Northern Arapaho Tribe v. Harnsberger

697 F.3d 1272, 83 Fed. R. Serv. 3d 1448, 2012 WL 4946916, 2012 U.S. App. LEXIS 21787
CourtCourt of Appeals for the Tenth Circuit
DecidedOctober 18, 2012
Docket09-8098
StatusPublished
Cited by47 cases

This text of 697 F.3d 1272 (Northern Arapaho Tribe v. Harnsberger) is published on Counsel Stack Legal Research, covering Court of Appeals for the Tenth Circuit primary law. Counsel Stack provides free access to over 12 million legal documents including statutes, case law, regulations, and constitutions.

Bluebook
Northern Arapaho Tribe v. Harnsberger, 697 F.3d 1272, 83 Fed. R. Serv. 3d 1448, 2012 WL 4946916, 2012 U.S. App. LEXIS 21787 (10th Cir. 2012).

Opinion

*1275 EBEL, Circuit Judge.

Plaintiff-Appellant, the Northern Arapaho Tribe (“Appellant” or “Northern Arapaho”), sued various state and county officials in Wyoming, seeking an injunction against the state’s imposition of certain vehicle and excise taxes in an area that Appellant contends is Indian country. Appellant claimed that the state may not tax its members in Indian country, and that the Indian country status of the land was conclusively established by an earlier decision of the Wyoming Supreme Court. The district court dismissed the action with prejudice for failure to join a party under Federal Rule of Civil Procedure 12(b)(7) after determining, pursuant to Federal Rule of Civil Procedure 19(b), that two absent entities—the Eastern Shoshone Tribe (“Eastern Shoshone”) and the United States—were necessary parties who could not feasibly be joined, and in whose absence the action could not proceed. The district court also concluded that the Indian country status of the land had not been conclusively determined by the earlier state litigation. Appellant appeals both determinations. Exercising jurisdiction under 28 U.S.C. § 1291, we agree that the dismissal of the action was proper because the Eastern Shoshone is a necessary party that cannot feasibly be joined, but we VACATE the judgment and remand with instructions to dismiss without prejudice. We also DENY as moot Appellant’s Rule 27.2(A) motion for summary disposition or remand.

I. BACKGROUND

A. The Wind River Indian Reservation

The Wind River Indian Reservation (“Reservation”) is situated in west-central Wyoming. It is occupied by Appellant and Third-Party Defendant-Appellee the Eastern Shoshone Tribe (collectively, the “Tribes”), who each possess an undivided one-half interest in the Reservation. Both Tribes are federally recognized. See 75 Fed. Reg. 60810, 60810, 60812 (Oct. 1, 2010). Although each tribe is regarded as an independent sovereign, the Tribes jointly govern many aspects of Reservation life. See N. Arapahoe Tribe v. Hodel, 808 F.2d 741, 744 (10th Cir.1987).

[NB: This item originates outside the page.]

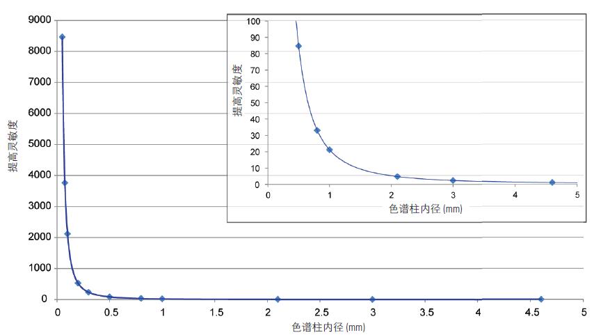 圖2. 一系列內(nèi)徑的色譜柱相較于內(nèi)徑為4.6 mm 的色譜柱靈敏度的相對(duì)提高倍數(shù)

The Reservation was established in 1868 by treaty between the Eastern Shoshone and the United States, under the terms of which the Eastern Shoshone gave the United States some 44 million acres in what is now Colorado, Utah, Idaho, and Wyoming, in exchange for a reservation of about 3 million acres in what is now Wyoming. See Shoshone Tribe v. United States, 299 U.S. 476, 485, 57 S.Ct. 244, 81 L.Ed. 360 (1937). Ten years later, in 1878, the United States located the Northern Arapaho Tribe on the Reservation, without the Eastern Shoshone’s consent. See id. at 487-88, 57 S.Ct. 244.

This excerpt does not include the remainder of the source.